The preamble to the Section 199A final regs gives the option of using the proposed regs for 2018 tax returns (all final or all proposed, no cherry-picking). The proposed regs did not contain the provisions about reducing QBI by one-half of SE tax, SE health insurance, and SE retirement plan contribtions. Ror 2018 returns, is it legitimate to use the proposed regs and not make those reductions to QBI?
Still an AllStar
Thank you for your comment, and I see your point. However, prior to the final regs being issued, I didn't see any commentary that suggested that those items would reduce QBI as trade or business expenses. More importantly, the examples in the proposed regulations did not reduce QBI by those items when there are clearly examples where at least the one-half of self-employment tax deduction would have been in play. That seems like a distinct difference between the proposed and final regs.
Perhaps I have missed the examples you cited. I just checked §1.199A-0 Table of Contents in the Prop. Regs but didn't see any related to QBI items attributable to a trade or business. The only emphasis that was placed on SE-tax at that time was that the QBI deduction does not reduce net earnings from SE for the purpose of SE-tax.

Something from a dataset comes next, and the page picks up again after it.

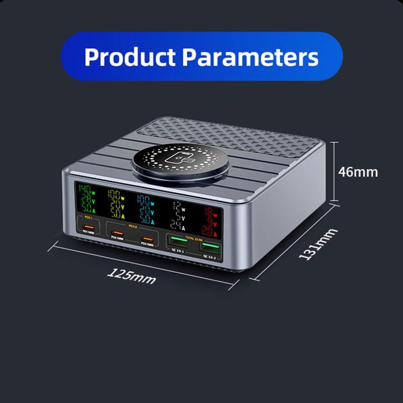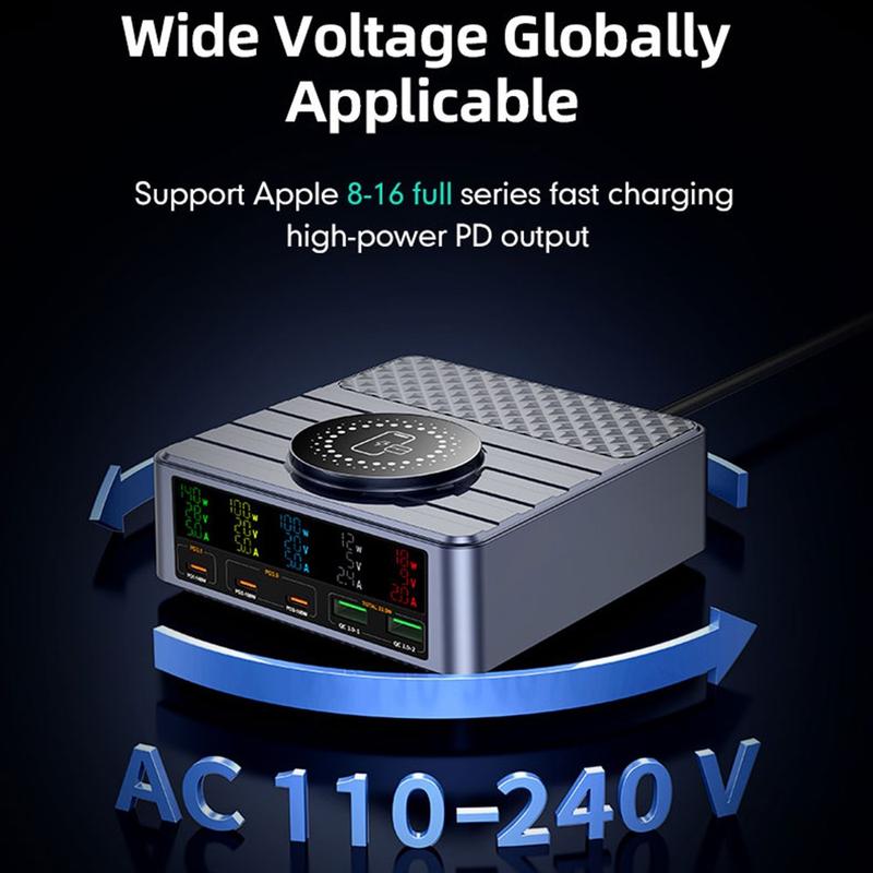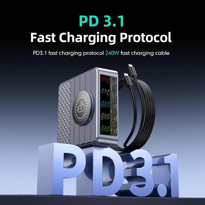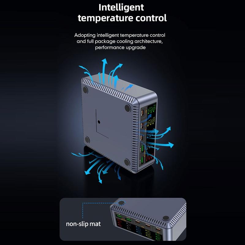 Det indbyggede digitale display giver indsigt i opladningseffekt og portstatus i realtid, hvilket gør det nemt at overvåge strømfordelingen. Med 9-lags sikkerhedsbeskyttelse sørger opladeren for sikker og stabil drift af al tilsluttet elektronik.

Could you clarify where in the Prop. Regs I can find the example so that I can take a second look for my own understanding?
Still an AllStar
Example 1 at proposed 1.199A-1(c)(3) makes a calcluation based on a business's "net taxable income from operations." That does not seem to contemplate a deduction for one-half of self-employment tax or health insurance premiums (what if the spouse covered the business owner through her employer's plan but paid with after-tax dollars, for example). Example 3 addresses the QBI of an LLC (classified as a partnership) member and when comparing the taxpayer's QBI to the taxable income limit amount, there is no discussion of reducing the QBI from the LLC by any additional deductions on the taxpayer's individual return. To the contrary, the taxpayer's QBI is shown as exactly the amount reported out by the LLC. Sure, the LLC coudl be a real estate LLC not allocating out any SE income, but that seems unlikely with $3,000,000 of QBI, $1,000,000 of W-2 wages, and only $100,000 of UBIA.
Not everything in the code and the regs need to be spelled out in order for an existing principle to apply. Often times, it's only exceptions that get codified and regulations. promulgated to specify which among various related sections may govern the operation (e.g. related person for purposes of QBI).
One of the key emphasis of the Treasury and IRS is the structure and design of §199A, which is to mirror the tax treatment of C Corp and these items would all be deducted to arrive at the corporation's taxable income. On what basis should these not be under §199A?
For these reasons, personally, I do not believe that there is technical merit or a reasonable basis to take that position. I'm not sure how well you can defend the position relying solely on the preamble and Prop. Regs. being silent on the exact tax treatment and when the example remains the same even after clarifications are made with the promulgation of the Final Regs. But, again, that's just my personal opinion.
Still an AllStar
I agree with your opinion if a client wants to take the safest and most conservative position - and many do. I disagree, however, with your opinion that there is no technical merit or a reasonable basis to take the position. But I appreciate your thoughts and your taking the time to correspond on the matter. Thank you.
I agree with itnewbie here. Just because the proposed regulations were vague about how that accounting worked? Gosh, that doesn't really seem to give one a license to fill in the details.
BTW in a sense, all the final regs did was say the treatment of pension fund contributions, SE health insurance, employer half of payroll taxes works the same way for sole props and partnerships as it does for S corporations.
The proposed regs used an effectively connected phrasing I think... (I read the proposed regs maybe a dozen times...) And lots of folks, me included, thought that signaled a "Section 162" standard made sense. I.e., if the deduction appeared on Schedule C, the 1065, etc., it reduced QBI.
I realize I've done a blog post on this subject:
It may be too broad a statement to say that "if the deduction appeared on Schedule C, the 1065, etc., it reduced QBI." We had a recent discussion about this (see link below). Feel free to pitch in and further the discussion.
Still an AllStar
I didn't mean to suggestion a "forms" based rule... only pointed to that concept as a way to get a handle.
The final regs provide a great and workable instruction, I think,
"...for purposes of section 199A, deductions such as the deductible portion of the tax on self-employment income under section 164(f), the self-employed health insurance deduction under section 162(l), and the deduction for contributions to qualified retirement plans under section 404 are considered attributable to a trade or business to the extent that the individual’s gross income from the trade or business is taken into account in calculating the allowable deduction, on a proportionate basis."
I think the above language, which appears a couple of places in final regs makes it pretty easy to pick and choose what we need to watch for...
This is an interesting discussion, and I haven't kept up with everything the IRS has published on this particular issue, but I can tell you that verbally the IRS has indicated to industry that they emphatically do NOT consider it reasonable to treat silence on SE deductions in the proposed regs as an affirmative statement not to include them.